- Work to complete -
The first line of the listing opens the range and the line with "Tận dụng những" closes it; repeat those lines and all between them word for word, leaving out the pictures.

- Available data -
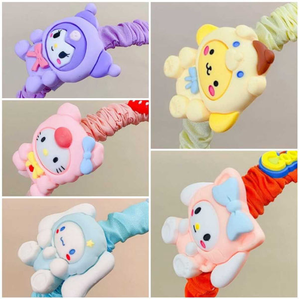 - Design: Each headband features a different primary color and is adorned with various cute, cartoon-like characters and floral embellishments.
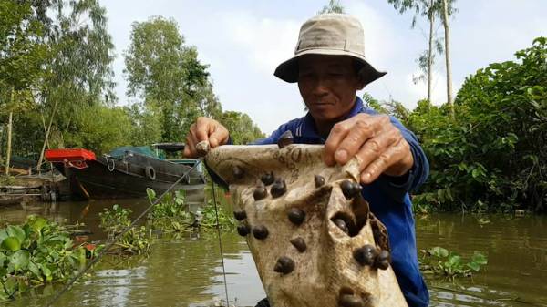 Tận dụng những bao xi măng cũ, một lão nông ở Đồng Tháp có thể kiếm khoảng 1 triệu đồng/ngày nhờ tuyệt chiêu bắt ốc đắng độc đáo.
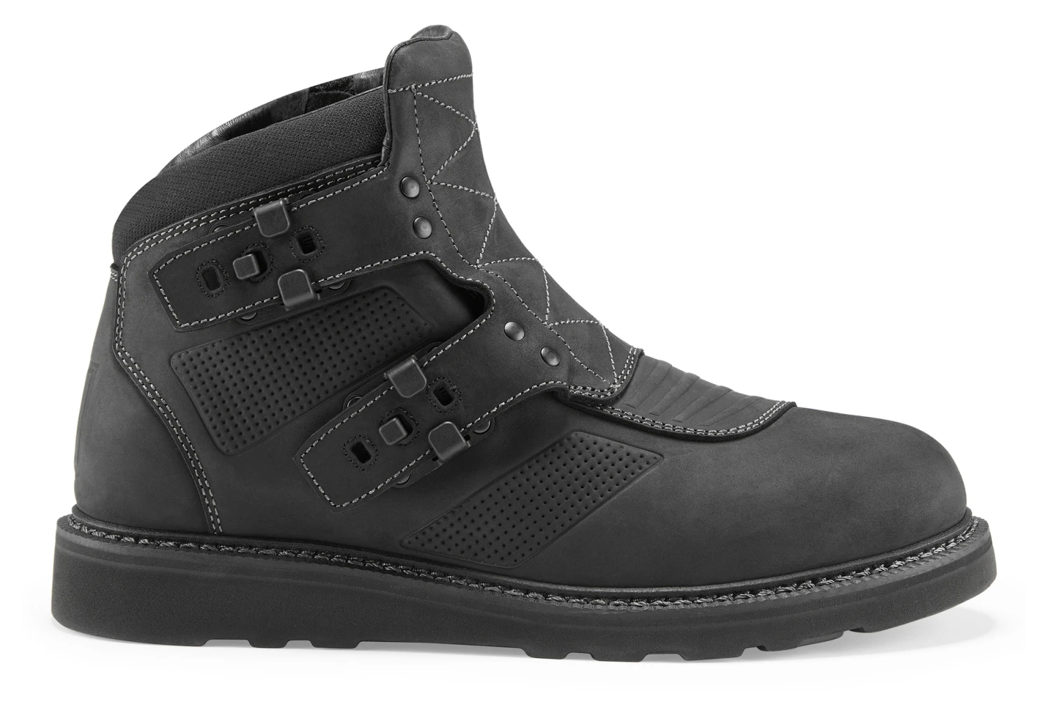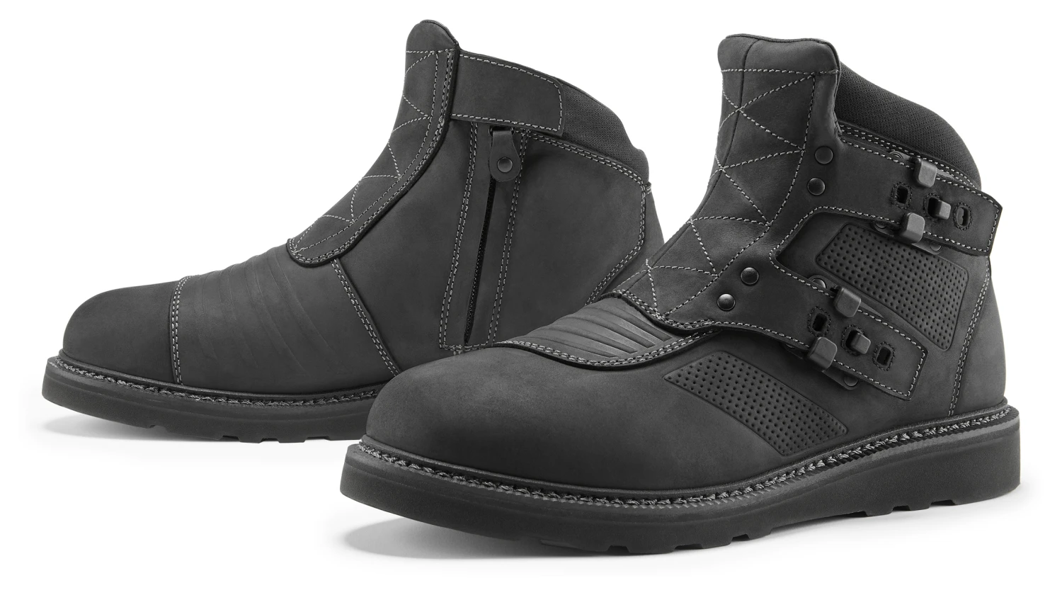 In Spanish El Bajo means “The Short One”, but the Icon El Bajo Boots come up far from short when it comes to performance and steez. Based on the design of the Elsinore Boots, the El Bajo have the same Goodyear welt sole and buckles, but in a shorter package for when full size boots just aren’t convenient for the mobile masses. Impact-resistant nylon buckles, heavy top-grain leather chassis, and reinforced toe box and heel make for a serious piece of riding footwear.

- Result for this exercise -
 - Design: Each headband features a different primary color and is adorned with various cute, cartoon-like characters and floral embellishments.
 Tận dụng những bao xi măng cũ, một lão nông ở Đồng Tháp có thể kiếm khoảng 1 triệu đồng/ngày nhờ tuyệt chiêu bắt ốc đắng độc đáo.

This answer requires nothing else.